- WHAT TO PRODUCE:
Every line of the records below from the line with "Tartinable de légumes" up to and including the line with "Glasbild - Bild" must be reproduced exactly, and no line outside that range.

- SOURCE MATERIAL:

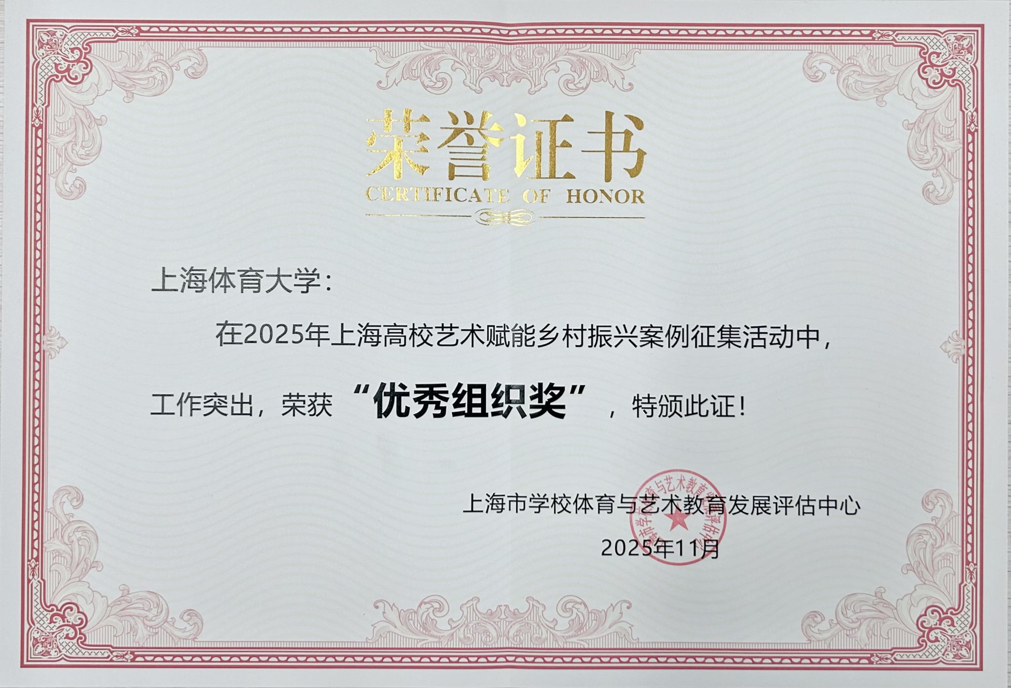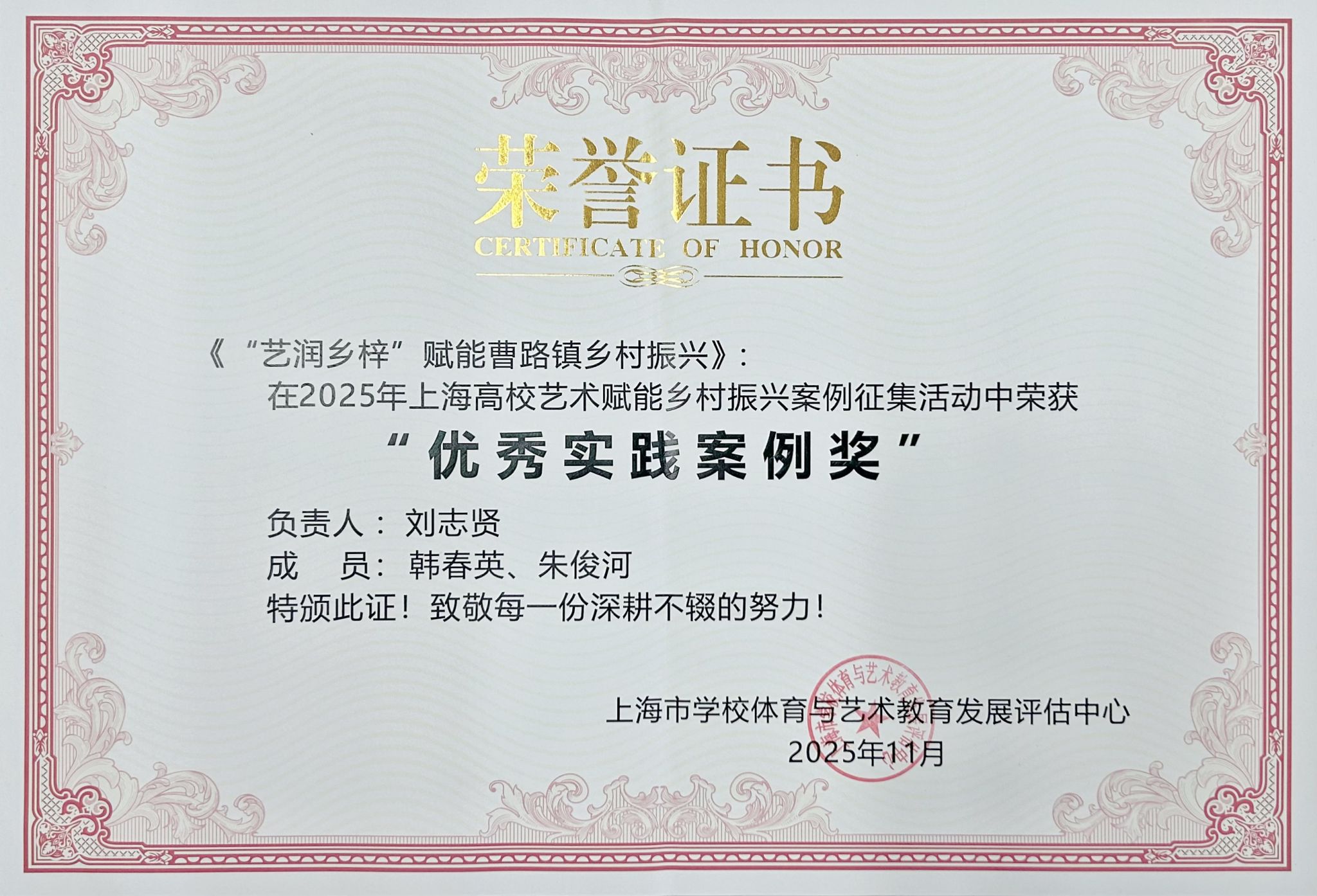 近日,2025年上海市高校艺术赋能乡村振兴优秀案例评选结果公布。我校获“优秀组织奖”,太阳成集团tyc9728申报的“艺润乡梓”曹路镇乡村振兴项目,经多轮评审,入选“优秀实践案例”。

==

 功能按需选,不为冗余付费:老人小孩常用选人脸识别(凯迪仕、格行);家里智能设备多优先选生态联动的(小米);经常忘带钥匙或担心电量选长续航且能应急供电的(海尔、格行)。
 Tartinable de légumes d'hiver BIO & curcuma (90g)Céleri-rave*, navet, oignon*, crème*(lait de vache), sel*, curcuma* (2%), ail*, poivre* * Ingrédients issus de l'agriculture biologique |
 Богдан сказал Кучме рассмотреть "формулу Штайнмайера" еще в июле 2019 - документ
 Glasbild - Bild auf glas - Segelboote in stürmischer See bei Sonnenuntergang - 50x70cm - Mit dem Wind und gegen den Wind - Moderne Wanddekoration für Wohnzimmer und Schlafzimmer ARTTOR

- ANSWER SECTION:
 Tartinable de légumes d'hiver BIO & curcuma (90g)Céleri-rave*, navet, oignon*, crème*(lait de vache), sel*, curcuma* (2%), ail*, poivre* * Ingrédients issus de l'agriculture biologique |
 Богдан сказал Кучме рассмотреть "формулу Штайнмайера" еще в июле 2019 - документ
 Glasbild - Bild auf glas - Segelboote in stürmischer See bei Sonnenuntergang - 50x70cm - Mit dem Wind und gegen den Wind - Moderne Wanddekoration für Wohnzimmer und Schlafzimmer ARTTOR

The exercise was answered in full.